The Two Biggest Emerging Battlegrounds and Threats to National Security: Cyber and Space

Geoffrey Mattson, the CEO of Xage Security, comments on how cybersecurity and space are becoming two of the most significant threats to national security. This article originally appeared in Insight Jam, an enterprise IT community that enables human conversation on AI.

We live in a time of rapid technological advancement.

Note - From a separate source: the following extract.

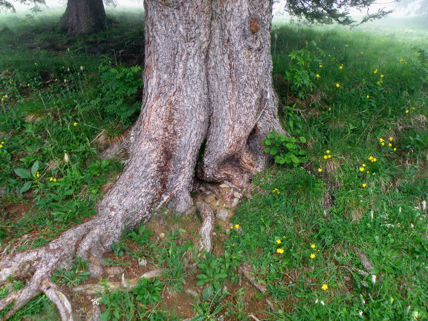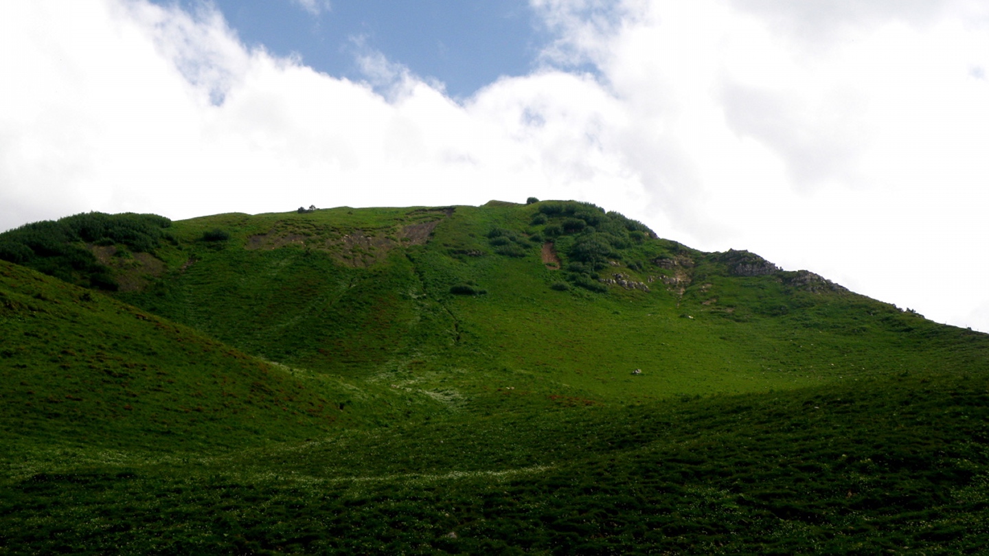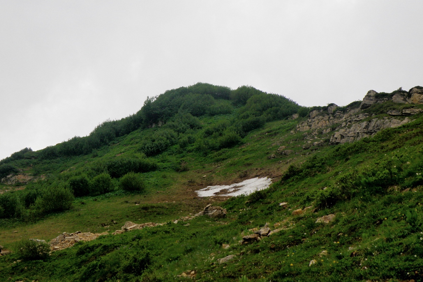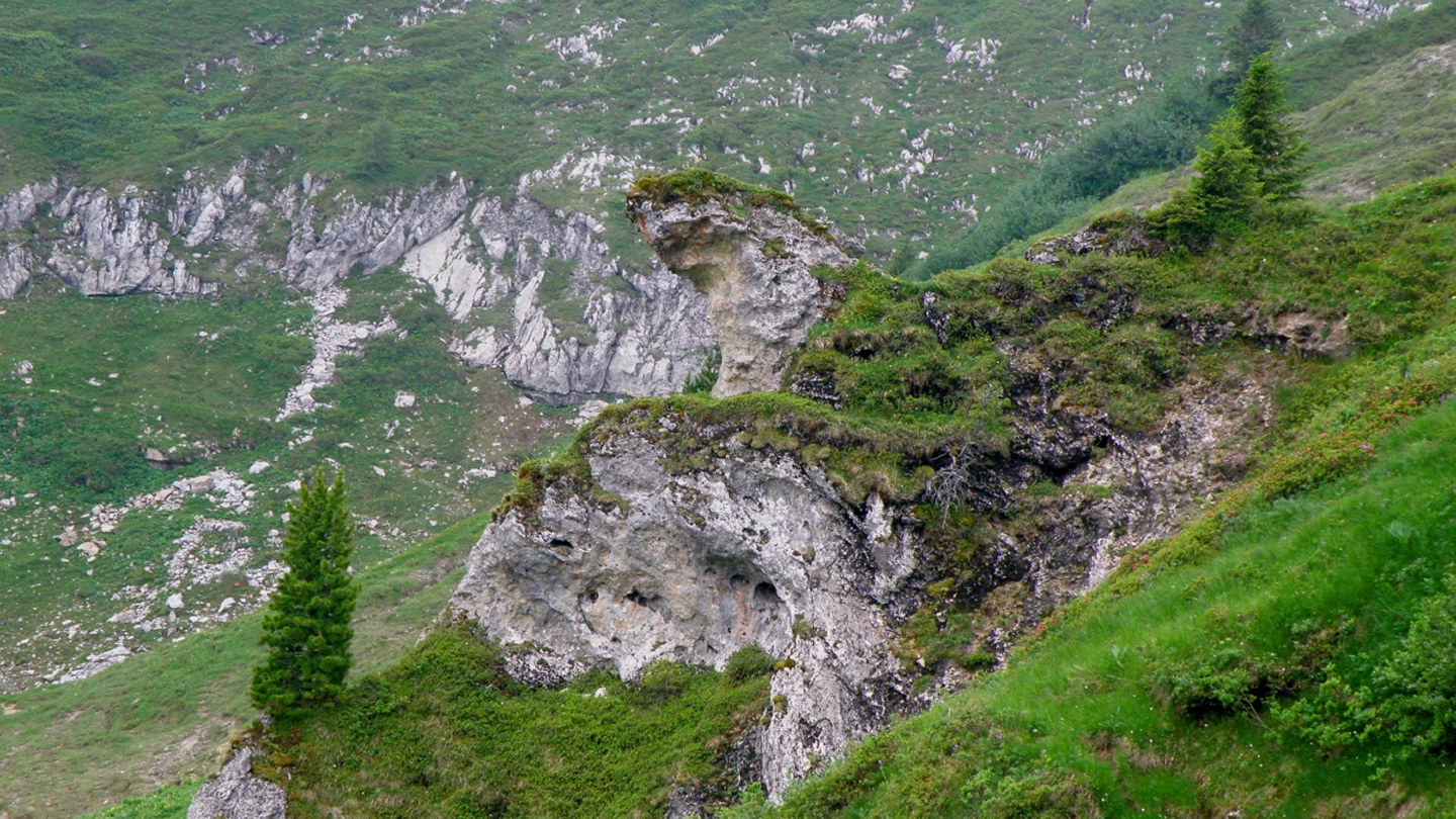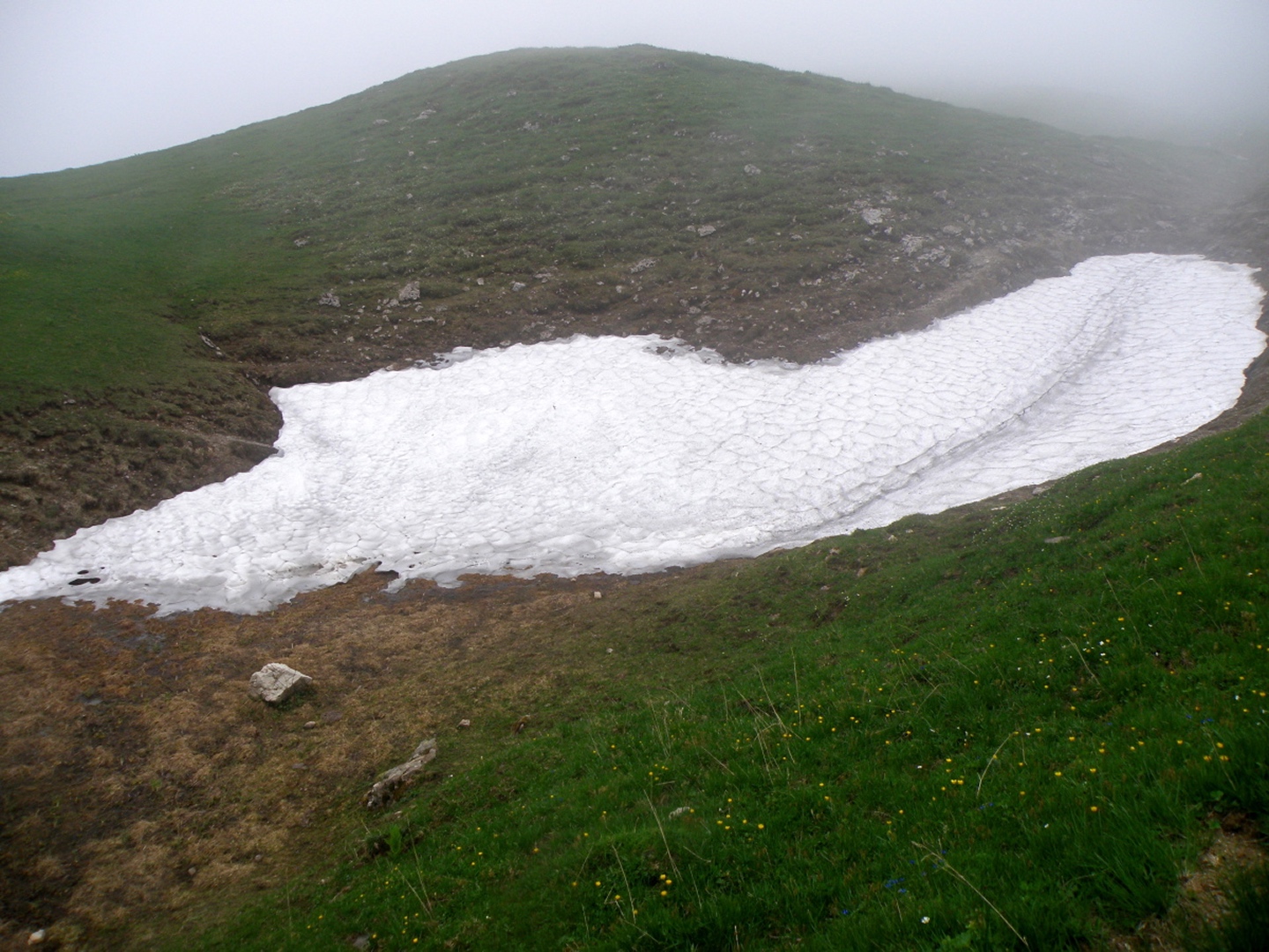 Der Weg ist eigentlich ausführlichst auf Hikr.org beschrieben und folgt eigentlich immer der Fahrstraße. Man muss nur bei Mittler Stafel aufpassen, dass man richtig abbiegt (durch den Alphof). Bis zum Fronalppass folgte ich Renaiolo, dort bog ich nach Hineinfühlen in meinen Bauch aber nicht links zum Fronalpstock, sondern rechts Richtung Schilt ab. Die Ostflanke des Färistocks hat unter dem Winter etwas gelitten, an zwei Stellen war der Pfad durch Lawinen oder Muren ganz ordentlich beschädigt. Je näher ich dem Breitfeld kam, umso dicker wurde der Nebel, aber ich wollte trotzdem einen Gipfel haben und versuchte, von Punkt 1956 aus den Südgrat des Färistocks. Wären ja nur 60 Höhenmeter gewesen. Am ersten größeren Gratgipfelchen / Felsblock wurde mir die Sache aber zu heikel, außerdem verfiel ich der irrigen Meinung, bereits nach 35 Höhenmetern den Gipfel erreicht zu haben (mein Kartenausdruck 1:25000 war zu weit nördlich angesetzt, um auch den Nüenchamm mit auf dem Blatt zu haben). Jedenfalls setzte ich mich unterhalb des Felsens ins Gras, mampfte ein Butterbrötli mit Schokistücken und machte mich wieder auf den Weg hinab. Nach etwas Blindflug in der Senke südlich des Färistocks erreichte ich dann auch wieder den Pfad und nach wenigen Metern den Abzweig Breitfeld. Von dort ging es auf dem gut markierten und trotz Nebels nicht zu verfehlenden Weg durch den Heuboden zurück nach Mittler Stafel und auf der Fahrstraße zum Naturfreundehaus.

Two emerging battlegrounds—cybersecurity and space—are redefining what we know as national security in the U.S. Zooming in on the digital realm, with its vast networks and interconnected systems, we see that while a cybersecurity breach starts virtually, it can impact people in the physical world.

Prime examples include the 2021 Colonial Pipeline Ransomware Attack, which led to the shutdown of a major fuel supply line to the better part of the US East Coast, and the 2024 UnitedHealth’s Change Healthcare Cyber Attack, where healthcare providers experienced significant disruptions in their ability to process payments, impacting people in need of healthcare support.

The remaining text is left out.